## Work request:
Wherever an image appears in the data, omit it and copy all the remaining text word for word.

## Data:
----
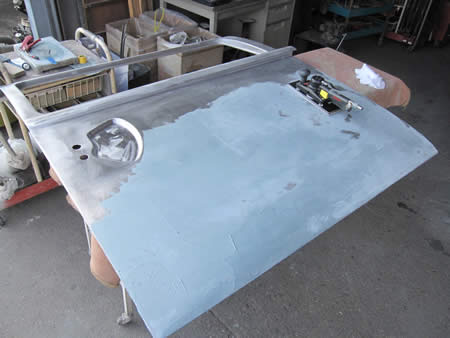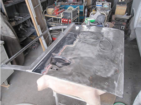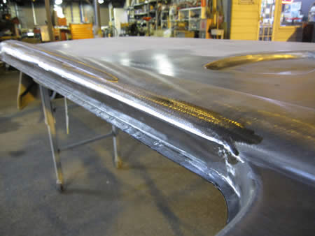 鉄板の面修正後にパテで整えていきます。
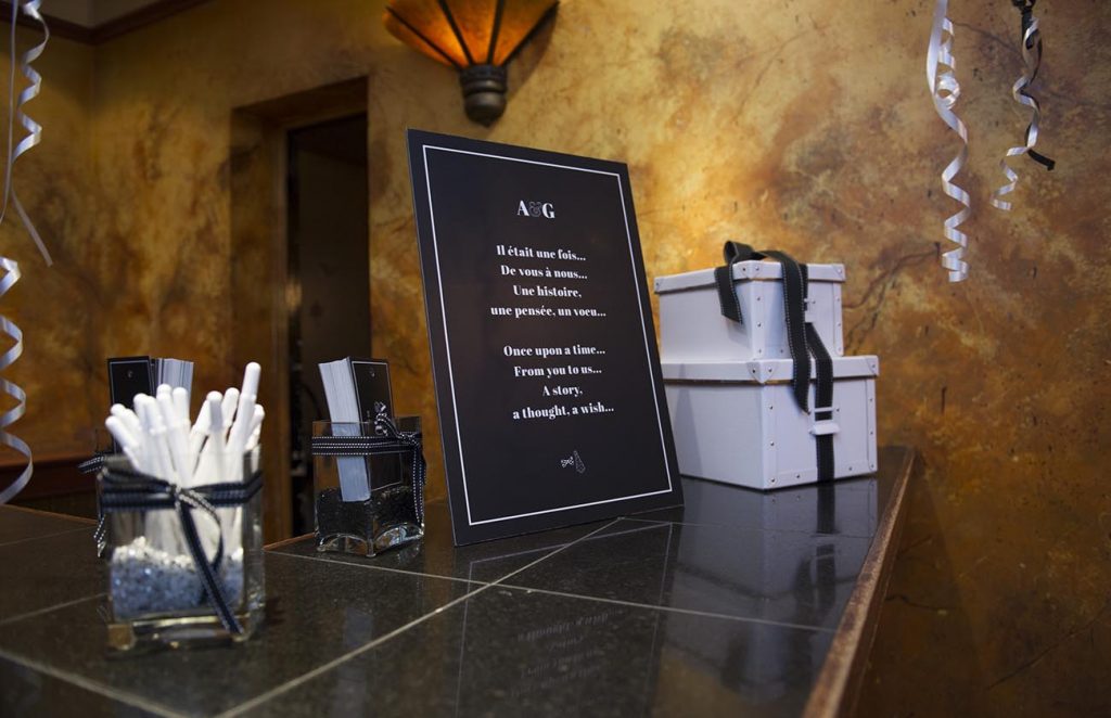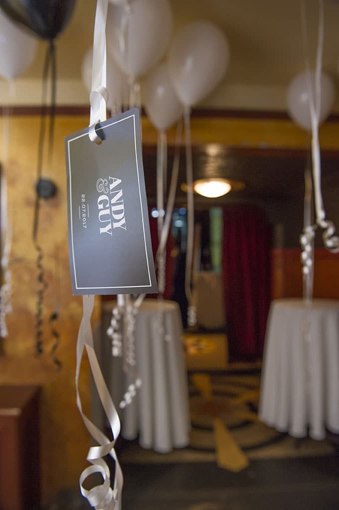 Dans le hall, des ballons noirs et blancs suspendus les accueillaient les invités, et au bout d’un ruban, ils ont pu écrire leurs vœux de bonheur aux nouveaux mariés.
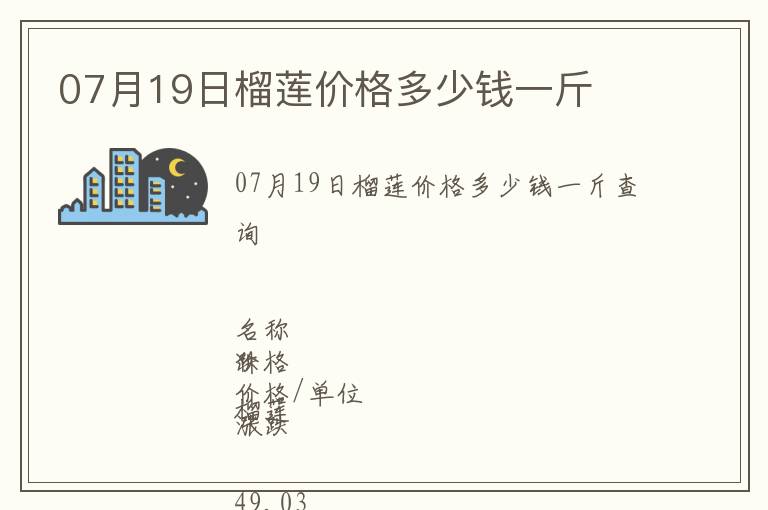 | 07月19日榴蓮價格多少錢一斤查詢 |
----
## Result below:
 鉄板の面修正後にパテで整えていきます。
 Dans le hall, des ballons noirs et blancs suspendus les accueillaient les invités, et au bout d’un ruban, ils ont pu écrire leurs vœux de bonheur aux nouveaux mariés.
 | 07月19日榴蓮價格多少錢一斤查詢 |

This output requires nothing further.